* _PROBLEM STATEMENT_: Excluding pictures, retype the line with "De acuerdo con" and each line that follows it to the end of the data below, word for word.

[Opening PROVIDED RECORDS section]

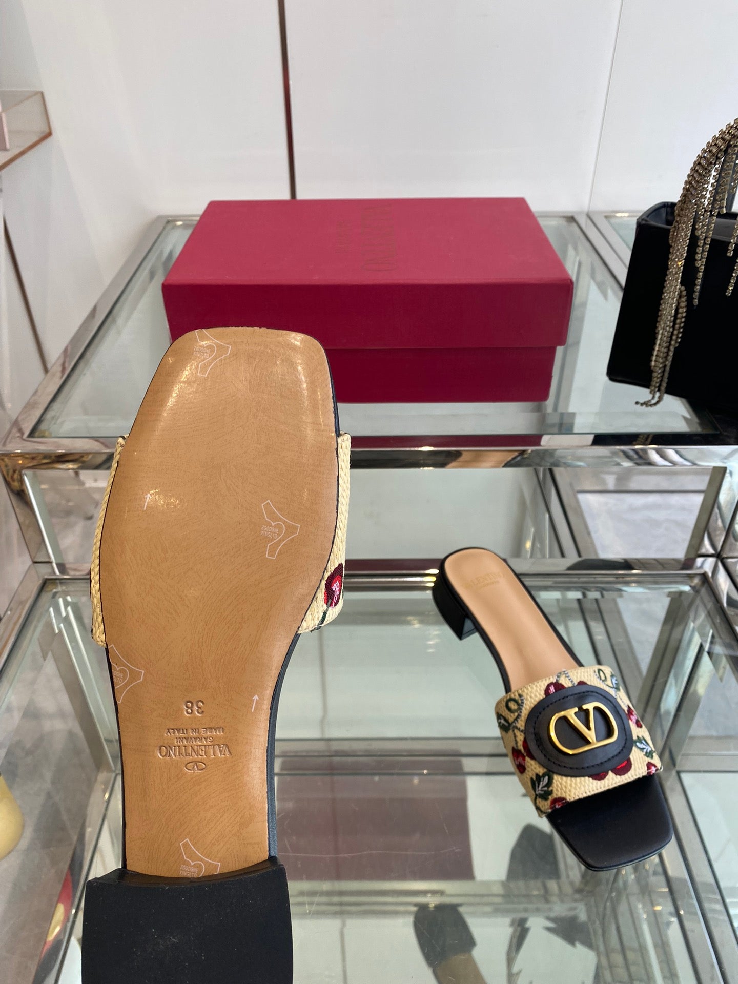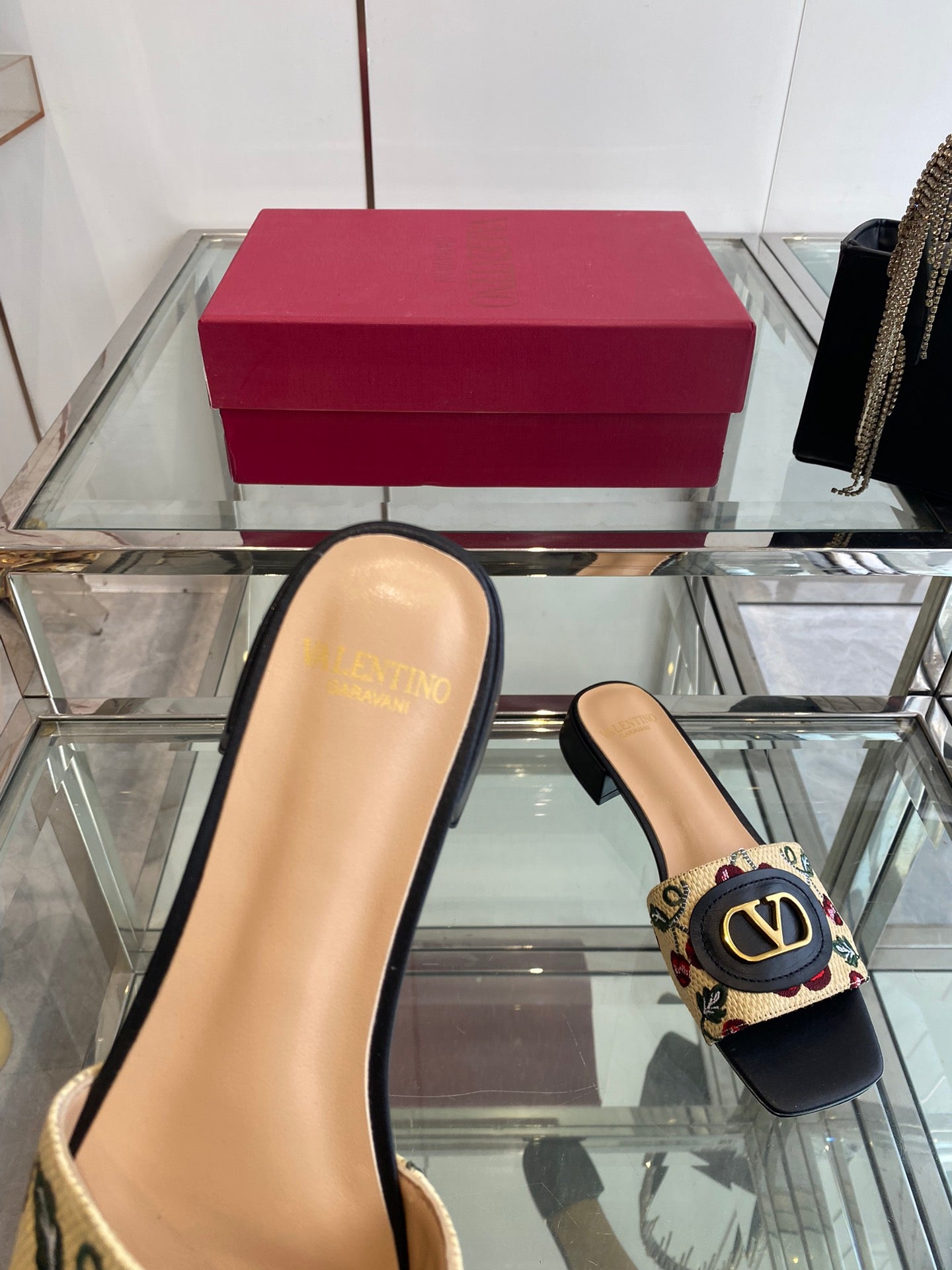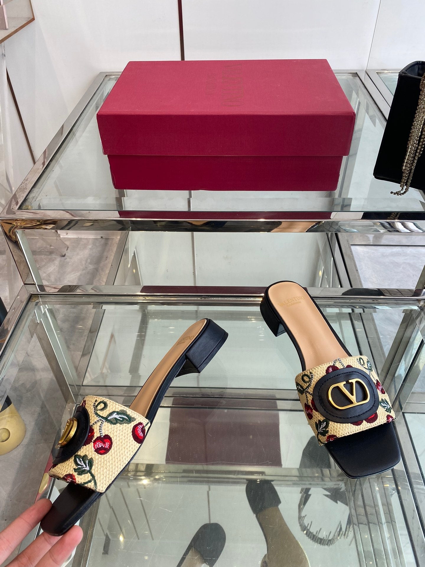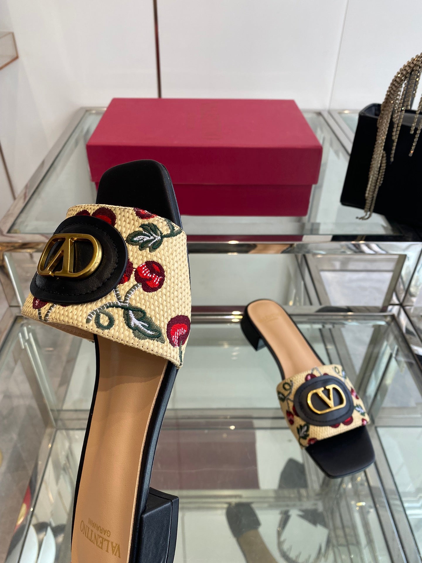 VLTN HIGH HEEL 25S 30 MM IN BEIGE FABRIC AND BLACK LAMBSKIN WITH EMBROIDERED CHERRY MOTIF
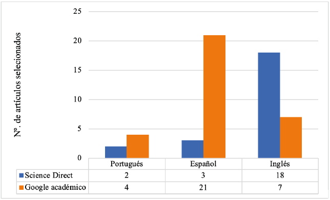 De acuerdo con la Tabla 2, se seleccionaron cincuenta y cinco (55) artículos entre los diferentes idiomas, palabras claves y bases de datos. En el Gráfico 1 se muestra el número de artículos seleccionados por idioma y por base de datos.
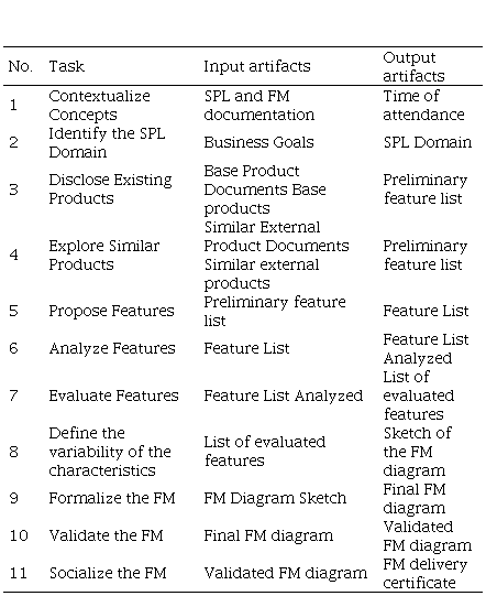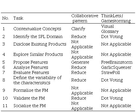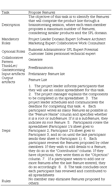 CINDERELLA consists of eleven tasks detailed to guide their execution and achieve the objectives set by the assigned roles. For each task, appropriate collaboration patterns have been identified based on the teamwork required and the objective of each group activity [32]. The tasks comprise steps or actions adapted using ThinkLets or Gamestorming to enhance collaboration among roles and guide task development. ThinkLets are reusable units for defining predictable and repeatable teamwork tasks [33], while Gamestorming proposes game-based techniques to foster interactive and creative activities among team members [34]. CINDERELLA was developed using the Collaborative Engineering approach to design [35]. Table 1 illustrates the relationships between tasks necessary for creating a feature model and the collaborative elements integrated into the proposed approach. Table 2 outlines the input and output artifacts for each task specified by the approach.
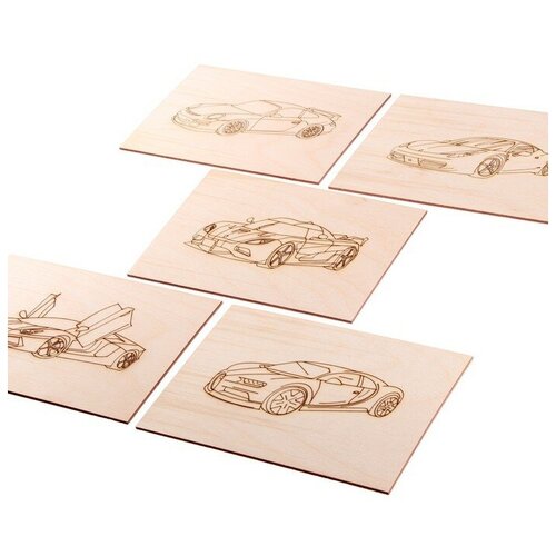Набор досок для выжигания и раскраски "Автомобили", толщина 3 мм, комплект 5 шт.
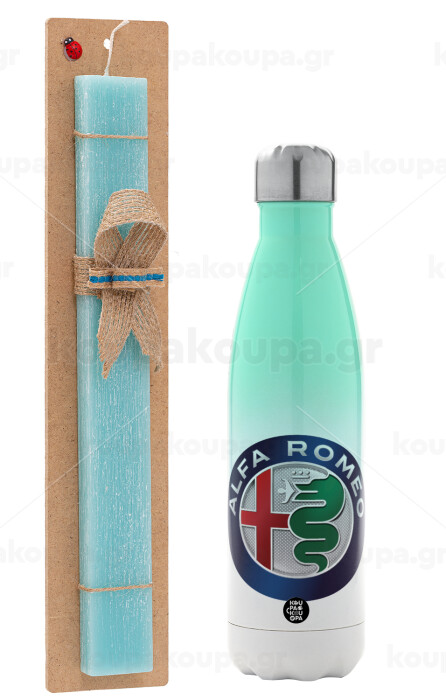 Alfa Romeo, Easter Set, Metallic green/white thermos (Stainless steel), double-walled, 500ml & scented flat Easter candle (30cm) (TURQUOISE)

[Closing PROVIDED RECORDS section]

* _ANSWER TO THE EXERCISE_:
 De acuerdo con la Tabla 2, se seleccionaron cincuenta y cinco (55) artículos entre los diferentes idiomas, palabras claves y bases de datos. En el Gráfico 1 se muestra el número de artículos seleccionados por idioma y por base de datos.
 CINDERELLA consists of eleven tasks detailed to guide their execution and achieve the objectives set by the assigned roles. For each task, appropriate collaboration patterns have been identified based on the teamwork required and the objective of each group activity [32]. The tasks comprise steps or actions adapted using ThinkLets or Gamestorming to enhance collaboration among roles and guide task development. ThinkLets are reusable units for defining predictable and repeatable teamwork tasks [33], while Gamestorming proposes game-based techniques to foster interactive and creative activities among team members [34]. CINDERELLA was developed using the Collaborative Engineering approach to design [35]. Table 1 illustrates the relationships between tasks necessary for creating a feature model and the collaborative elements integrated into the proposed approach. Table 2 outlines the input and output artifacts for each task specified by the approach.
Набор досок для выжигания и раскраски "Автомобили", толщина 3 мм, комплект 5 шт.
 Alfa Romeo, Easter Set, Metallic green/white thermos (Stainless steel), double-walled, 500ml & scented flat Easter candle (30cm) (TURQUOISE)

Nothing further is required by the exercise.